Maricarmen, que está muy puesta en estas cosas, me dice que a un par de calles vive Juan Goytisolo. Bueno, que medio-vive, porque alterna regularmente Marrakesh con París, como ha alternado a jóvenes huesudos con Mónica Lange. Le miro mal a Maricarmen y me pide perdón. La tomo de la mano y dejo caer mi mirada sobre la plaza desde nuestra terraza del Café de Paris.
Lo cierto es que la plaza se sigue pareciendo mucho a cuando estuve por primera vez, treinta años atrás. Continúa habiendo aguadores, encantadores de serpientes, escribanos, un sinfín de puestos multicolores y, sobre todo, gente, mucha gente. Por lo que he oído, han ampliado el aparcamiento aledaño y la capacidad de recibir turistas se ha multiplicado por cuatro. Pero la mezquita de la Koutubia sigue ahí, impertérrita y rosada.

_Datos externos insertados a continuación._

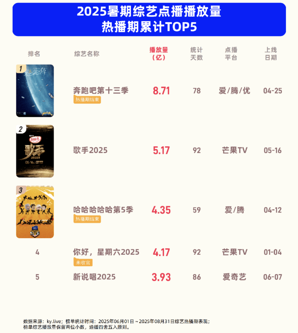 而在点播播放量TOP5榜单中,《奔跑吧第十三季》再次以8.71亿播放量领跑,《歌手2025》则以5.17亿播放量位列第二,两大IP在全端与点播赛道的双重亮眼表现,印证了经过多年沉淀的综艺IP已形成稳定的观众基础——《奔跑吧》系列凭借户外竞技的趣味性与嘉宾互动的亲和力,持续收割全年龄段观众;《歌手2025》则依托专业的音乐竞技属性,牢牢抓住音乐爱好者群体,成为暑期档“流量担当”。

Tomo un té con menta que le hace mucha gracia a Maricarmen, adicta a la cerveza Kronenbourg desde que la conozco. “¿Te acuerdas de Mohamed?”, le pregunto sin apartar la vista de plaza. “Claro, vaya acojono”, responde cabeceando.
Mohamed –¡a saber cómo se llamaría de verdad!– fue el guía que tuvimos en Marrakesh durante la primera visita. Era alto y berebere, como dejaba bien claro cada vez que tenía la oportunidad. Nos paseó de la Ceca a la Meca –nunca mejor dicho– y medió en numerosas ocasiones, cuando ya estábamos hartos del deporte nacional del regateo. De aquellas charletas extenuantes se deriva la gran alfombra roja que todavía tengo en el recibidor y un par de candelabros dorados que mi madre limpia cada vez que viene de visita.
Una tarde, sin embargo, nos retrasamos haciendo compras en la casba, cerraron las puertas y nos quedamos sin poder volver al hotel. Estuvimos vagando de cafetín en cafetín y de casa en casa, hasta que, por fin, a eso de las seis de la mañana, las puertas se reabrieron y salimos pitando hacia la Avenue des Nations Unies. Media hora antes de nuestra liberación, Mohamed nos preguntó respondiéndose: “¿Tenéis miedo? Porque aquí quien tiene miedo ya está muerto”. Vaya acojono, sí, y de los gordos. No volvimos a la casba ni volvimos a ver a Mohamed, porque apenas salimos del hotel hasta que nos marchamos.
Maricarmen me mira de soslayo, transfigurada como está con la túnica amarillenta que ha decidido ponerse hoy. “¿Qué? ¿Nos tomamos la noche libre y nos perdemos hasta el amanecer?” Y yo no sé qué responderle porque, la verdad, no acabo de comprender lo que me pregunta. Pero, entre tanto y por si acaso, me pido otro té con menta mientras aprieto su blanca y pequeña mano.